PBS - President-elect Donald Trump has picked billionaire investor Wilbur Ross to lead the Commerce Department. If confirmed by Congress, Ross will be responsible for implementing Trump’s promises to toughen U.S. trade policies and promote economic growth.
Ross, who made his fortune by buying distressed businesses and turning them around for profit, is known as “the king of bankruptcy.” He is the chairman and CEO of the private equity firm WL Ross & Co., and has an estimated net worth of $2.5 billion, according to Forbes.
Ross got to know Trump in 1990 when he helped the real-estate mogul avoid financial collapse. Trump borrowed heavily to help finance the Taj Mahal Casino — he’d spend more than $1 billion on the Taj. The 1,250 room hotel with $14 million worth of chandeliers was meant to be the crown jewel of his growing real estate empire. But the Taj Mahal failed to turn a profit. Trump and his companies owed $3 billion to its lenders.
Ross, who at the time worked at Rothschild & Co., represented bondholders who helped finance the Taj Mahal. He met with Trump and struck a deal to take over part of his failing business.
“We could have foreclosed [on the Trump Taj Mahal], and he would have been gone,” Ross said in an interview with The New York Post earlier this year.

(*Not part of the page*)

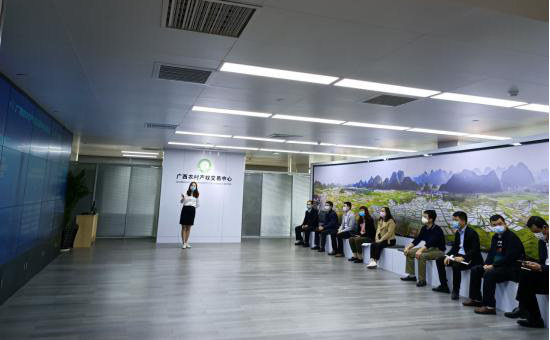 考察組一行先到北部灣產(chǎn)權(quán)交易所集團詳細了解在農(nóng)村產(chǎn)權(quán)交易中心建設(shè)與推廣取得的成果與經(jīng)驗,并就項目涉及的政策支持、合作與運營模式、投融資形式、機構(gòu)設(shè)置等問題,與北部灣產(chǎn)權(quán)交易所集團副總經(jīng)理夏雋帶領(lǐng)的團隊進行深入探討。隨后,實地參觀了貴港市覃塘區(qū)農(nóng)村產(chǎn)權(quán)交易中心,各局辦負責人及公司相關(guān)人員分別就各自所涉及的工作和業(yè)務(wù)與貴港市覃塘區(qū)政府辦、農(nóng)業(yè)農(nóng)村局等工作人員進行學習交流。

As is common in the high-stakes world of private equity, some of Ross’ acquisitions made him a fortune, while others brought controversy and second-guessing. He drew praise for buying struggling steel mills owned by companies in Ohio and Pennsylvania and selling them to Mittal Steel, the world’s largest steel and mining company, for a $2.5 billion profit in 2004. The year after the sale, Ross faced criticism when 12 miners died in an explosion just weeks after he invested in Sago Mine in West Virginia.
In 2008, as the global financial crisis loomed, Ross began putting together a list of small, struggling banks that he could invest in. Over the next few years, he poured more than $1.8 million in failing banks, according to Bloomberg Businessweek.
The spending spree would lead some to call Ross a “vulture investor,” but when he sat down with Frontline producer Martin Smith in 2011 for the documentary Money, Power & Wall Street, he described his work differently.
“It should be called a phoenix, because a vulture just eats carrion flesh. Phoenix is the bird that arises again from its ashes,” Ross said. “To me, a vulture is the right word for a liquidator. We’re not a liquidator. We try to rebuild things. So it’s a popular slang term, but I don’t think it’s very accurate for what we do.”